„Das kleine Anti-Wut-Buch für Eltern und Kinder“ von Rita Steininger

„Das klei­ne Anti-Wut-Buch für Eltern und Kinder“ ist wirk­lich klein: 12 x 19 Zentimeter, und knapp 120 Seiten. Das find ich schon mal gut, ich mag kei­ne dicken Ratgeber, da lese ich lie­ber einen Roman. Über das Thema hät­te man sicher ein paar Hundert Seiten mehr schrei­ben kön­nen, aber Rita Steininger bringt so eini­ges auf den Punkt. Im ers­ten Teil geht sie dar­auf ein, wie Wut und Aggressionen bei Kindern enste­hen. Im zwei­ten Teil beleuch­tet sie ver­schie­de­ne Alter und Situationen und gibt Tipps, was man kon­kret tun kann, inklu­si­ve Spielen und Übungen gegen die Wut, für mehr Bewegung, zur Entspannung usw. Im drit­ten, letz­ten und sehr kur­zen Teil geht es schließ­lich um die Eltern: die nicht zu viel von sich ver­lan­gen sol­len, aber nie hand­greif­lich wer­den dür­fen.
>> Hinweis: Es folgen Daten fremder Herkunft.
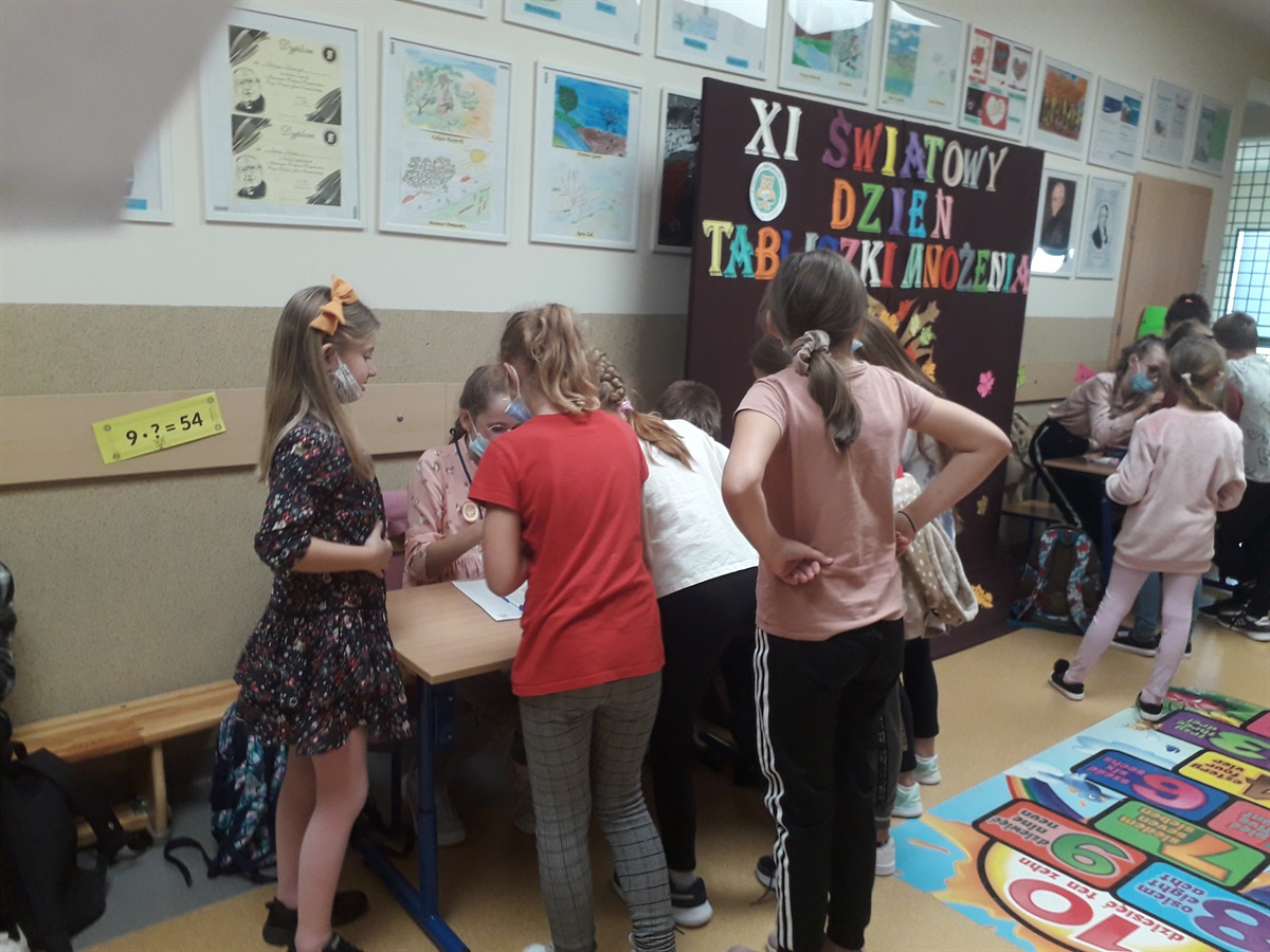 8 października 2021r. nasza szkoła uczestniczyła w akcji XI Światowy Dzień Tabliczki Mnożenia  organizowanej pod hasłem:  „Młodsi sprawdzają, czy starsi tabliczkę mnożenia znają!”. Celem akcji było propagowanie zabawowej formy nauczania-uczenia się matematyki.

Dazu hat die Autorin wie­der­um Tipps, Übungen und einen „Notfallplan“.

Wie ist das mit der Wut – sol­len Kinder gefäl­ligst kei­ne Wut haben bzw. sie wenigs­tens nicht zei­gen? Falsch, schreibt Rita Steininger, Wut gehört dazu und muss nach außen getra­gen wer­den dür­fen. Der Job der Eltern ist es nicht, Wut zu ver­bie­ten, son­dern dem Kind zu zei­gen, was okay ist und was nicht, wenn man wütend ist. Zum Beispiel: schimp­fen ja, eine ande­re Person beschimp­fen nein.

Und wie war das mit Ausschimpfen und Bestrafen: bringt das was? Nein, so Rita Steininger, denn das erzeugt nur Frust beim Kind, und wenn das Kind mit sei­nem Danebenbenehmen Aufmerksamkeit sucht und erhält, auch wenn es kei­ne ange­neh­me ist, wird es womög­lich bei die­sem Schema blei­ben und Mist bau­en, das gin­ge somit aus Sicht der Eltern direkt nach hin­ten los.
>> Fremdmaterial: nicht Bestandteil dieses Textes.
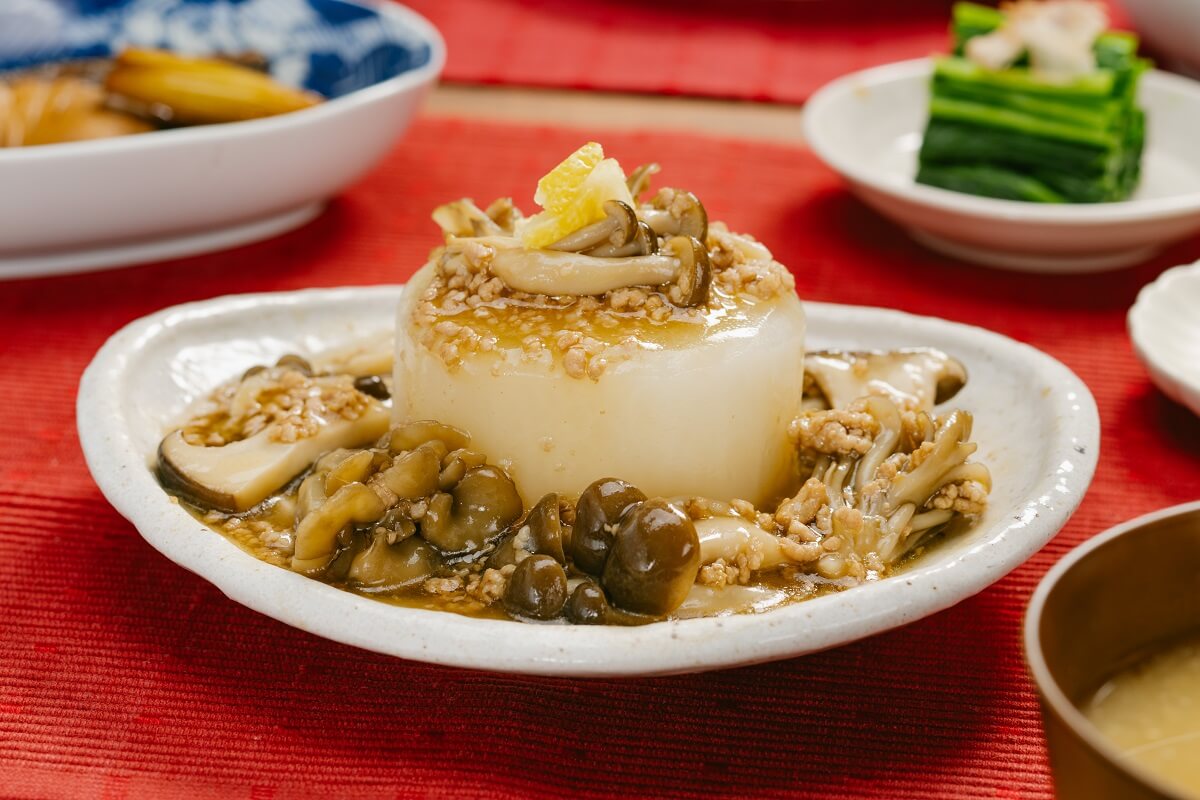 きのこに豊富なビタミンDは、免疫細胞の働きを正常に保つうえで欠かせない栄養素です。さらに、腸や皮膚のバリア機能を高める作用もあり、寒暖差で体調を崩しやすい時期の風邪予防に役立ちます。また、ビタミンDは日に当たることで体内で合成されますが、日照時間の短いこの時期は不足しやすいため、食事で摂ることが大切です。ほかにも、免疫力を保つためには、体温を一定に保つことも意識しましょう。あんには身体を温める効果が期待される生姜も入っており、とろみのあるあんは熱を逃がしにくいため、寒い時期にぴったりです。家族みんなの免疫力維持と寒さ対策におすすめの一品です。

Wie also mit dem Kind umge­hen? Das erzählt Rita Steininger natür­lich auch. Stichworte dazu sind Respekt, Lob, Ermutigung, Gefühle zulas­sen. Ein wich­ti­ger Hinweis ist in mei­nen Augen, dass man, wenn es hoch her­geht, einem etwas nicht passt usw., den ande­ren nicht mit Du-Sätzen bele­gen soll­te (Du machst das falsch, Du bist …). Wie schnell kann das belei­di­gend und ver­let­zend wer­den, egal ob das Gegenüber ein Erwachsener oder ein Kind ist. Und was kann gera­de ein Kind dem entgegensetzen?

„Das klei­ne Anti-Wut-Buch“ lie­fert etli­che Denkanstöße und gute Ideen, gleich ob das Kind ganz frisch oder schon älter ist. Dass es Eltern gibt, die mit dem Buch nichts anfan­gen kön­nen, weil sie schon alles genau­so machen, kann ich mir kaum vor­stel­len, aber selbst für sie (und ihr Kind) blie­ben noch die Spiele und Übungen zum Luftablassen und Entspannen. Kurzum: lesens- und empfehlenswert.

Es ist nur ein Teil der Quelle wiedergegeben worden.